A large population of adults and children are exposed to pulmonary diseases like asthma due to the high increase in levels of air pollution in urban India.
Global Initiative on Asthma, which campaigns to raise asthma awareness and care around the world has chosen "You Can Control Your Asthma", as this year's theme.
India has about 10% of the global asthma burden of between 100 and 150 million people - roughly the equivalent of the population of Russia. This number is increasing and worldwide deaths due to asthma have reached over 1,80,000 annually.

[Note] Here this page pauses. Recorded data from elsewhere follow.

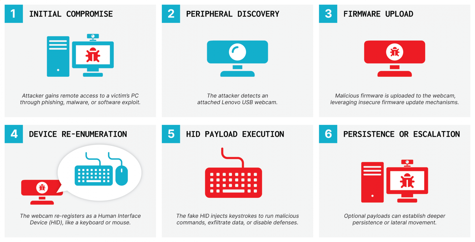 10年前資安研究室Security Research Labs(SR Labs)於黑帽大會揭露BadUSB攻擊手法,攻擊者藉由改寫USB控制器,就能將USB裝置用於不法,不久後有兩名研究人員DerbyCon展示概念驗證手法,使得這種資安威脅受到外界關注,但過往通常是攻擊者打造特製的裝置來進行,如今有資安業者指出,他們能透過特定型號的USB網路攝影機來進行這類攻擊。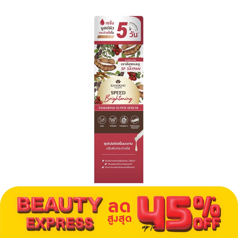Khaokho Tamarind Super Serum Designed for Speed Brightening skin Khaokho s unique Face Serum combines AHA from Tamarind plus with Natural Arbutin from Bearberry, Vitamin C from Mulberry and Whitening Booster from Licorice to reduce melanin production. Fast absorb to directly target uneven skin tone for clarifing and brighten your skin Dermatologically Tested. Fit with all Skin types. Product Selling Point 1.Intensive Serum in light texture 2. Natural AHA from Tamarind 3. Natural Arbutin form Bearberry 4. Vitamin C from Mulberry 5. Whitening booster form Thanaka No Silicone Free from 12 Harmful chemicals Natural Active Ingredients Dermatologically tested Cruelty Free.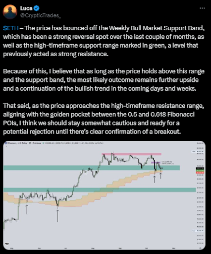 分析师将下一目标位锚定在4500美元(震荡区间上沿),有效突破该位置将确认大级别趋势延续。上方4800美元附近存在早期派发区形成的额外阻力,该区域与夏末的供应带重合。若能强势突破这些阻力带,后续或将打开5200美元的量度空间(该目标源自前轮旗杆高度)。若动能持续,5800美元附近也可能成为潜在目标——但需满足全生态普涨条件。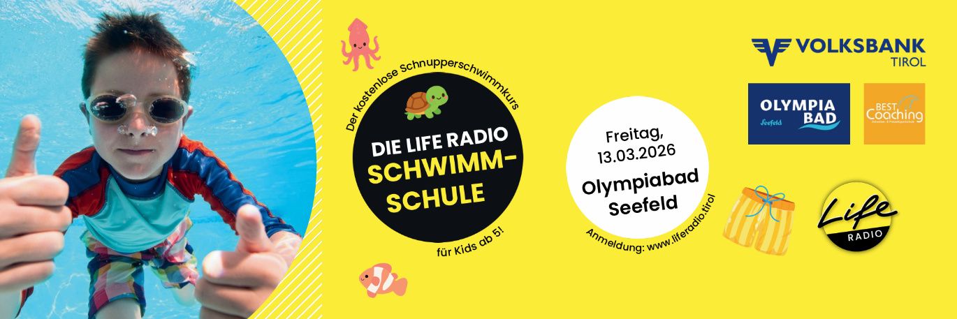Gemeinsam mit Life Radio Tirol lädt das Olympiabad Seefeld Kinder zu einer besonderen Schwimmstunde ein. Bei der Life Radio Schwimmschule lernen Kinder spielerisch die Grundlagen des Schwimmens und den sicheren Umgang mit dem Wasser.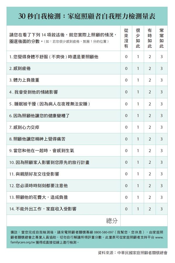 「中華民國家庭照顧者關懷總會」製作了一份「家庭照顧者自我壓力檢測量表」, 建議照顧者可以隨時自我檢測, 了解自己身心狀態並做調整。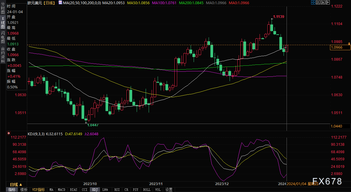 ——周四(1月4日),欧盘时段,欧元/美元交投于1.0969,涨幅0.44%。欧元主力交投于1.1000,涨幅0.46%。

India's asthma burden is between 17 and 30 million, estimated from the 2011 population census. It exceeds the burden of Tuberculosis and HIV/AIDS combined. Rough estimates indicate a prevalence of between 10 and 15 percent in 5-11 year-old children in India.

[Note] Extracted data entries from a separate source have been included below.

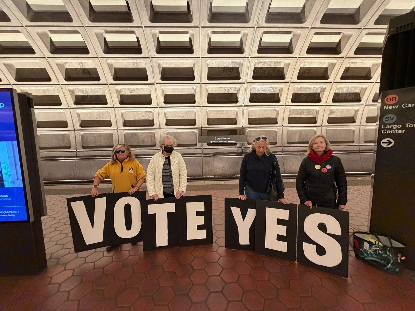 WofA members engaged commuters in the Metro urging them to Vote YES on the April 21 redistricting referendum – underground Visibility Brigades are now a thing!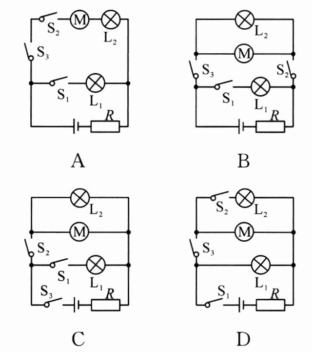 12. (2024·山东潍坊)共享电动单车极大地方便了人们的出行。使用电动单车前先摇晃车把检查电量,此时开关$S_1$闭合,只有电量指示灯$L_1$亮起;确认电量充足后扫码开锁,此时开关$S_2$闭合,日间行车灯$L_2$亮起,电动机M启动,且日间行车灯$L_2$损坏时电动机M仍可正常工作;电动单车在规定区域内,开关$S_3$始终处于闭合状态,如果驶离规定区域,开关$S_3$自动断开,电动机M、行车灯$L_2$均无法工作,指示灯$L_1$可正常工作。下列电路设计符合要求的是(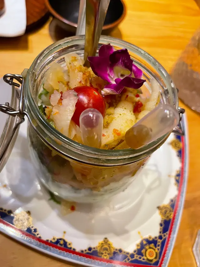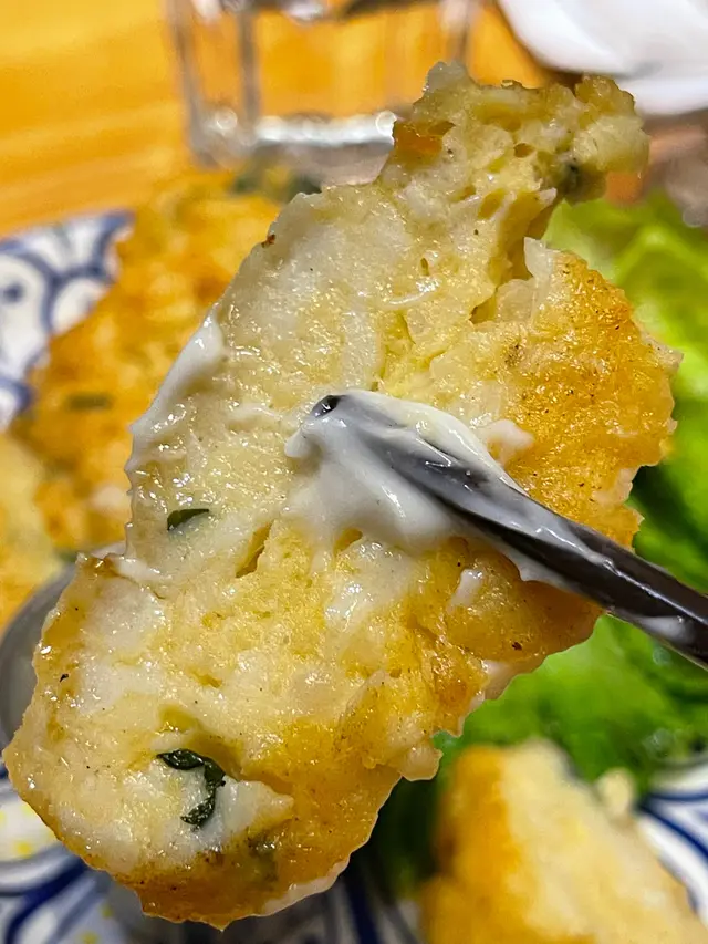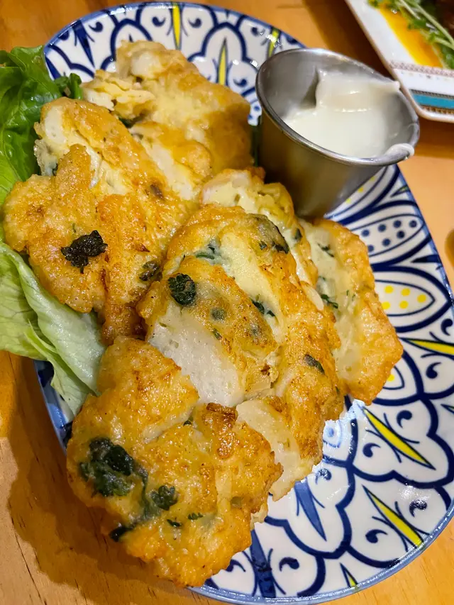 泰式酥炸墨魚餅,上枱時熱辣辣,入口啖啖肉之餘,外皮炸得鬆脆可口。內裏的墨魚餅非常軟滑,咬落爽口彈牙。內裏還有墨魚粒,肉質還十分彈牙爽口,配沙律醬入口味道更一流

"The main issues with air pollution is ozone gas levels and particulates. Ozone gas levels are produced by the interaction of sunlight with chemicals that are released from automobile exhausts, particularly diesel vehicles, factories, chemical power plants and smoke generated from coal and oil burning," the ISJ web site quoted Dr. Arun Nair, Chief of Interventional Pulmonary Medicine at Amrita Institute of Medical Sciences and Research Centre in Kochi, as saying.
Dr. Nair said Asthma is not curable, but with advances in therapy, it can be effectively treated in a majority of cases with minimal side effects. However, the best treatment still remains inhaled steroids, while long-term oral steroids could trigger serious side-effects like malfunctioning of adrenal glands.
About 75% of asthma patients do not know the right use of inhalers, said Dr. Nair, which expose them to oral infections and infections to voice-chords.
Asthma has genetic elements and run in families but often there is no familial pattern in some patients. Increased respiratory infections particularly viral infections in childhood can affect the lining of the airways making them more exposed to triggers that can cause asthma.
While allergy is a causative factor for development of asthma, many people develop asthma without ever had any allergy. One should therefore not assume that asthma only occurs in those who have allergy.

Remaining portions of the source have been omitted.